Во время нашего этапа в теплушках я узнал кое-что, что может заинтересовать многих, интересующихся современной советской историей. Касается это судьбы Ежова, бывшего шефа НКВД, несущего особую ответственность за вспышку террора в 1937—38 годах. Как раз на нарах надо мною ехал в вагоне бывший чиновник Народного комиссариата речного транспорта. Как известно, после освобождения с поста наркома внутренних дел, Ежов некоторое время был наркомом речного транспорта, и этот чиновник по службе должен был быть постоянно с ним в контакте. Незадолго до получения приговора мой собеседник был доставлен на очную ставку с Ежовым. Скорее всего, это было в подмосковной тюрьме в Сухановке, о которой ходит слава, что там признаются все, даже те, что смогли выдержать пытки в лефортовской тюрьме. Очная ставка проводилась где-то во второй половине сорокового года. Ежов, по словам моего попутчика, был в хорошей физической форме, был он одет в свою форму, которую не снимал со времени работы в НКВД и даже подпоясан кожаным ремнем, что говорило о том, что на него не распространялись общие правила.
По вопросам на очной ставке можно было понять, что Ежова обвиняют в создании конспиративной группы и он в этом признался. Спрошенный, входил ли в эту группу мой собеседник, он ответил отрицательно, и на этом очная ставка была окончена. В результате последний не стал подельником бывшего наркома внутренних дел. Но поскольку, по мнению советских властей, участника очной ставки с Ежовым нельзя оставить на свободе, он получил свои восемь лет и был направлен в тот же лагерь, что и я. Правда, когда мы прибыли на место, нас разделили, и больше я его не встречал.
По прибытии на станцию назначения, мою группу пешим этапом отправили на лагпункт за двадцать километров от станции, где мы около получаса простояли на двадцатиградусном морозе перед лагерной вахтой, украшенной транспарантом: «Моральное возрождение преступников достигается напряженным трудом». В сумерки нас ввели в лагерную зону и направили в столовую, уставленную длинными столами и деревянными лавками вдоль них. Нам раздали баланду с маленькими кусочками рыбы в ней, но она была горячей, и уже за одно это можно было благодарить Бога. Когда, поужинав, я вышел из барака, я остановился как вкопанный — все небо в северной его части горело и переливалось тысячами разноцветных всполохов, то рождавшихся, то умиравших, растягивавшихся и принимавших самые причудливые очертания. Всполохи северного сияния так и остались в моей памяти, как отметина в жизни, ознаменовавшая ее новый этап — я стал советским зэком.
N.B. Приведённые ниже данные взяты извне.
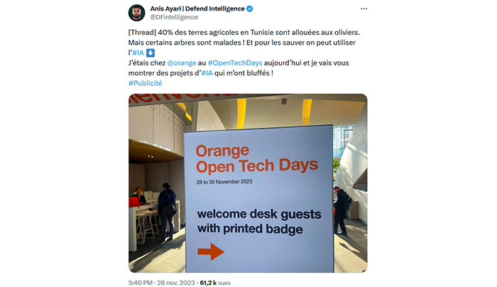 L’intelligence artificielle était également à l’honneur de cette édition, avec, ar exemple, le développement d’une application inscrite dans la #SmartAgri (agriculture) pour aider les exploitants d’olives à détecter les arbres malades, avancée significative qui permet aux petits exploitants de faire face et d’anticiper les problèmes causés par le réchauffement climatique.

Мое пребывание в лагере длилось со второй половины марта 1941 года до двадцатого апреля 1942 года, когда я был освобожден и двинулся на юг. Лагерная моя жизнь делится на два этапа: первый — до так называемой амнистии и освобождения из усть-вымьских лагерей в августе 1941 года. Второй — с конца августа 1941 года по 1942 год, когда меня и Адама Тельмана, бывшего адъютанта командования львовского Союза вооруженной борьбы (ZWZ, см. примечание22), исключили из группы освобождавшихся и отправили назад в лагеря. Тельмана освободили в январе 1942 года, а меня — в апреле по личной просьбе нашего посла в Куйбышеве Кота и министров лондонского правительства Вацлава Комарницкого и Каэтана Моравского, сделавших по моему вопросу специальное представление советскому послу в Англии.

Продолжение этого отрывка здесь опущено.